# Red Poodle Puppies



## Harley_chik (Nov 7, 2008)

Aren't they cute! That second pic in particular kills me, keep 'em coming plz!


----------



## Trillium (Sep 1, 2009)

I love the pics. The pups are so cute.


----------



## amerique2 (Jun 21, 2009)

They are precious!!! Love seeing the pics.


----------



## *heather* (Jul 30, 2009)

Are these some of Dugan's kids?  ADORABLE!!


----------



## taxtell (Sep 17, 2009)

Gorgeous!!


----------



## Evik (Sep 2, 2009)

They are so cute


----------



## Purple Poodle (May 5, 2008)

BIG Puppies! 

So cute!


----------



## wishpoo (Sep 12, 2009)

No. 4 for me please LOL  !!!!

They are all adorable : )


----------



## roxy25 (Dec 18, 2008)

Nice litter you have there ! So cute I want one


----------



## Bella's Momma (Jul 26, 2009)

Oh my goodness they're adorable!

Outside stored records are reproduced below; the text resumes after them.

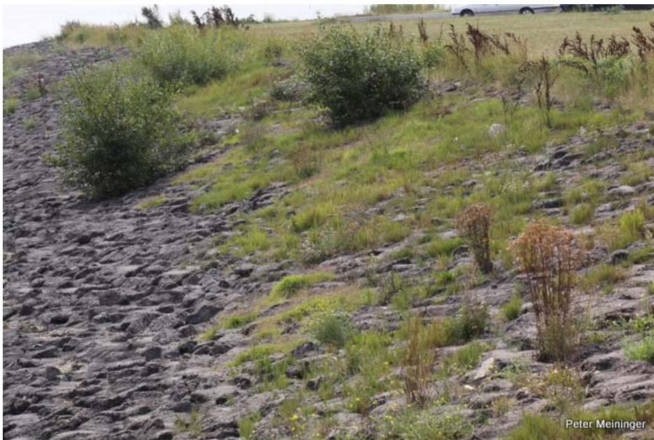
Zeedijk Grevelingendam. Uitgevoerd in 2009. Zelfs breuksteen met gietasfalt is hier al opmerkelijk gevarieerd begroeid. Luw gelegen met een voorland van slik. Foto: juli 2012.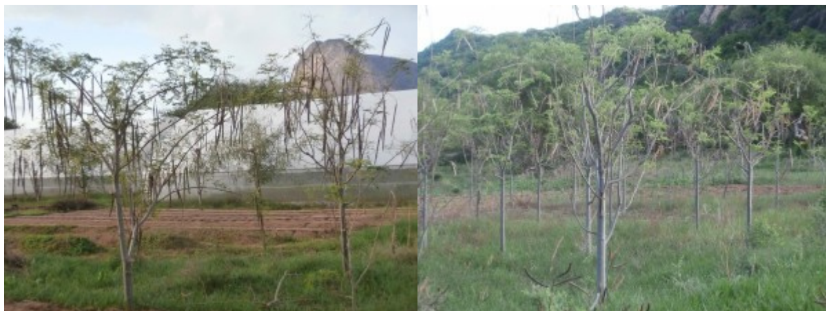
il boschetto di moringa ... stenta ma va avanti ... incrociando le dita, diverrà un bosco ...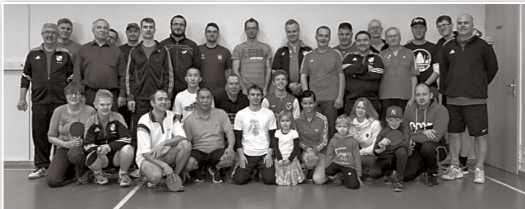
Teilnehmer Weihnachts TT Turnier des SV Melchow / Grüntal

Auch im Jahr 2015 gab es wieder ein „Nachweihnachts-Tischtennisturnier im Melchower Begegnungszentrum am 27. Dezember. Die Resonanz war diesmal noch größer als 2014. Das als Verdauungsaktion nach den Feiertagen gedachte Treffen der Sportler des SV Melchow/Grüntal wurde schon mit Vorfreude erwartet. Deshalb der Gedanke, wir spielen in diesem kleinen Turnier um einen Wanderpokal. Genau genommen um zwei Pokale. Einmal aus dem Bereich der aktiven Tischtennispieler und zum anderen spielen die Sportler anderer Abteilungen und Angehörige um den Pokal der Freizeitsportler. Insgesamt konnten wir 29 Teilnehmer registrieren und in Gruppen aufteilen, wo jeder gegen jeden spielte. Die ersten beiden kamen jeweils weiter und dann wirkte im Viertel – und Halbfinale das K.-o.-System. Spaß und Freude

It must be hard to send them to new homes.


----------



## Locket (Jun 21, 2009)

white collar for me please!


----------



## plumcrazy (Sep 11, 2009)

Lovely puppies!!! What does one need to do to acquire one of these beauties??? I especially like the one with the red collar ribbon!!  I'll expect her in my backyard (oh, and on my couch and under my feet and in my BED!) in a few weeks, OK?? She's not the most photogenic munchkin, is she?? lol! "Here's my GOOD side", as she turns her back...


----------



## ArreauStandardPoodle (Sep 1, 2009)

Thank you everyone for your sweet comments on our furry children. Yes, it is hard to send them on to their new families, but everyone of them is so excited and happy. I am hoping they will send me tons of photos and videos so I can watch them grow up. Plumcrazy...your little girl may not be so photogenic, but she is awesome on video. She is a little going concern who never stops amusing me. I will keep the pictures coming while the babies are with me, then when I receive updates and photos from their new people, I will share them too. We are having an absolujte blast with these little characters!!!


----------



## meehkim (Sep 11, 2009)

So adorable!!!! <3


----------



## spoospirit (Mar 10, 2009)

_I'll take the purple collar please! They are all so cute!
_


----------